Top 5 Reasons why Erasure Coding and Media Storage don’t Mix well

Erasure Coding & Media Storage

There are two basic choices when using Object Storage for how objects are kept. One is Erasure Coding, the other is Multiple Instances.

Erasure-coding:

An object is split across multiple nodes such that should a subset of those nodes be available, the object can be rebuilt / read. E.g., you might have a “5+2” algorithm on 7 nodes. This would mean that so long as 5 nodes are “up” you could read your object. It would also mean that the overhead is 140% (where 100% means storing the object without any protection). However, there’s a problem, if a node is down, can you still write new objects? (7 nodes aren’t available), and two disks failing at any one time is relatively likely on large systems with 100s of drives – mean time to recovery is too slow – therefore most such systems don’t really work well till you have 10+5 type protection (ok, 150% overhead but requiring 15 nodes to work as intended).

Multiple Instances:

An object is kept as a contiguous object on a node. However, more than one node will keep the data. In the case of Object Matrix’s product MatrixStore, by default we keep data on multiple nodes, RAID6. The overhead is typically 220% – that’s obviously not as good as 150%. However, a massive 6 disks would have to fail before data is lost, replacing disks and rebuilding is hot swap and there are other advantages we will look at in this article.

Every object storage solution is configurable, the below are generalisations but we often get asked:

Why use Multiple Instance (MI) setups for media storage?

  • Reason 1: Small Object Storage Systems Must Use MI

    Let’s face it – not everyone wants/needs 15 nodes! MatrixStore runs with 3 (5 nodes just fine. And if one fails, objects can still be written or read. But why would someone want a small object storage system? 100s of reasons; they want to take advantage of automated search, metadata extraction, HSM, replication, hybrid workflows, data protection policies… Ultimately, you can start but expand out to 100s of Petabytes without needed to reconfigure anything in the software.

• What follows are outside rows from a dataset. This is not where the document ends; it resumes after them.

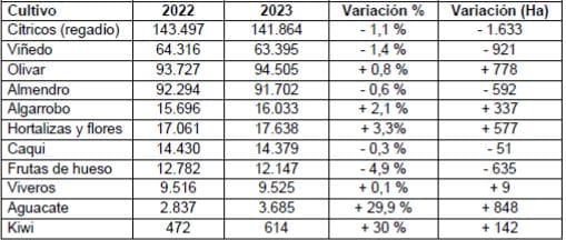 Los principales cultivos valencianos sufrieron importantes retrocesos en sus superficies. Los cítricos (naranjas, mandarinas y limones principalmente) perdieron 1.633 hectáreas, el viñedo 921 Ha, el almendro 592 Ha y las frutas de hueso (melocotones, nectarinas, albaricoques, ciruelos, nísperos y cerezas) descendieron 635 Ha.
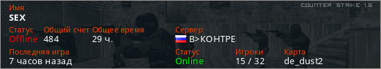 Играет на Counter Strike 1.6 сервере. Страна: РоссияПервый раз замечен 02:34 02.05.2022
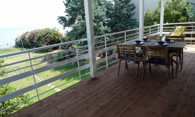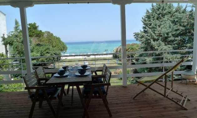 Уникална самостоятелна къща пред морето, на забележително място в Касандра, в сърцето на Халкидики. Имотът се намира на площ от 2557,19 кв.м. , с изключителна морска панорама, на 500 м от центъра на селото Състои се от 2 нива с обща площ 150 кв.м. на жилищна площ. Имотът включва 4 спални(и), склад и 2 бани(и)

  • Reason 2: Large Object Storage Systems Save Space with MI

    When you’ve got a large object storage solution, chances are that you are going to start thinking about dual (or more) location for disaster recovery and business continuity. At that stage, your protection is in the storage ring – perhaps one copy in London another in New York. With multiple instances, you just keep one copy in each location – with Object Matrix that’s at a 120% overhead or less (12 drives RAID6’d) and the system can auto restore from the remote location if there’s a local issue.

  • Reason 3: Media Files Need Random Access

    When an Object is not kept contiguously and needs to be reconstructed for random access, that’s a very expensive operation indeed. If you want to random access your media files, we’d say there’s no faster way than keeping an object contiguous on a fast RAID array. This can also be very true for operations such as partial restore of media files.

  • Reason 4: Media Libraries need (AI) Analysis!

    So, you’ve taken the major step of extracting your media archive from your LTO solution on to an object storage solution so that you can have faster access to that archive. The next thing that happens is that you get some fancy new AI algorithm to analyse your video for search. Analysing video means reading every single byte in your library, sometimes with random access (see reason no. 3). With Erasure Codes at this point: firstly most systems will require all those objects to be reconstructed, read to somewhere (outside of the object storage box) and analysed, before the metadata is stored into another database. This is all around painful. With Object Matrix many optimisations can be made. For a start, generally reading a contiguous file is far less CPU hungry than reconstructing objects, secondly metadata can be stored in searchable internal DBs, and lastly, you have the option to work with Object Matrix to actually run that analysis inside of the object storage.

  • Reason 5: Future Proof through Flexibility

    Once you start using erasure coding across a wide number of nodes, with CPUs of various speeds and different performances of those nodes across time (e.g., if you scale up your solution in a few years), then simplicity of solution is a major benefit. With multiple instances of objects on multiple nodes, you don’t really care that one node is slower or faster, you can take advantage of new hardware generations quickly and you don’t have a proprietary algorithm that you must go through (equals vendor lock-in in many cases) in order to access your data. KISS (“keep it simple stupid”) applies. Object storage is a beautiful building block to build robust, secure, future proof data stores, but even a beautiful building brick can make a wonky house if used wrongly.

About The Author

Jonathan Morgan is founder and the CEO of Object Matrix. Prior to Object Matrix Jonathan led the largest development team on EMC’s Centera product. At EMC Jonathan helped to design and implement CPP – content data protection – arguably the world’s first object storage erasure code solution.